参議院選挙で圧勝して、国政選挙がない「黄金の3年」を手にしたとされる岸田政権。しかし、大きな政策を実行に移すつもりだったら、今すぐ動き出さなくては間に合わない。政権にとって「3年」は決して長くないのだ。(経済評論家、楽天証券経済研究所客員研究員 山崎 元)
参院選を大勝でクリアした岸田首相
「黄金の3年」をどう使う?
さる7月10日に行われた参議院選挙は、単独で改選過半数を超える63議席を獲得する自由民主党の大勝となった。野党側に勝てそうな要素が全く見えない選挙だったから、与党側の勝利に不思議の感はないが、岸田政権としては政権運営における大きな関門をくぐり抜けたと言っていいだろう。

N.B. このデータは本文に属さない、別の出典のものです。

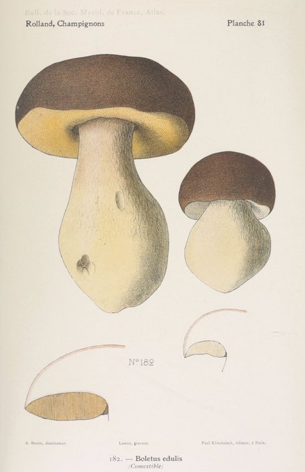 Bon, ce n’est pas tout. Avec Rover, nous révisons pour les récoltes à venir, dans l’Atlas des champignons de France, Suisse et Belgique de Léon Rolland, publié chez Klincksieck en 1910. Sur @GallicaBnF : https://t.co/FU67lE7qC9. Ceux-là, c’est ceux que nous recherchons !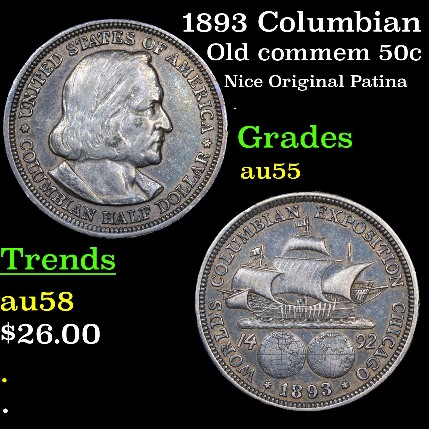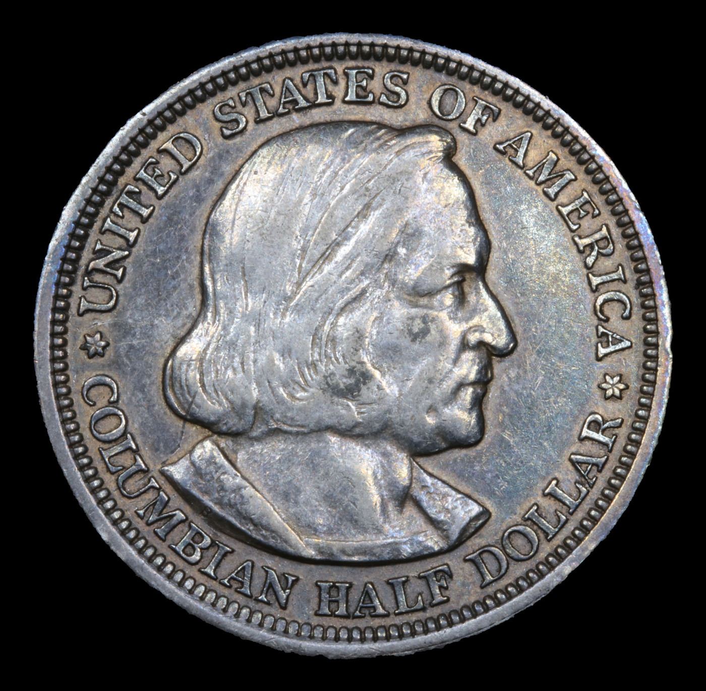1893 Columbian Old Commem Half Dollar 50c Grades Choice AU. The Columbus Half Dollar along with the Isabella Quarter were Minted in Honor of the 400th Anniversary of Columbus' Voyage to the New World. It was First Distributed at the Worlds Fair Honoring that Voyage. When examining a Columbian Exposition Half Dollar, the First Points to Show Wear are Columbus’ Eyebrow, Cheek and the Hair Behind his Forehead and Jaw. On the Reverse, Check the Foresail and Sainsail, as well as the Right Side of the Eastern Hemisphere.

今後、岸田文雄首相自身が衆議院を解散しないかぎり、向こう3年にわたって大きな国政選挙がない。政権が、選挙への影響を気にせずに意図する政策を実現しやすい環境だという意味で、この期間を「黄金の3年(間)」と呼ぶ向きもある。
本稿では、対象を経済政策と経済・資本市場に絞るが、この3年間に何が実現するだろうか。また、何をするべきなのだろうか。
確かにスケジュール的にも選挙結果という重い事実の上でも、岸田首相は大きな政策的フリーハンドを得た。この「政治的資本」をどう使うかは、ご本人にとってだけでなく、国民にとっても大きな問題だ。
アベノミクスの見直し
中でも金融緩和政策はどうなる?
岸田氏の「黄金の3年」における経済政策にあって、大きなテーマが二つあると筆者は考えている。そのうちの一つは「アベノミクス」、特にその中でも金融緩和政策をどう扱うかだ。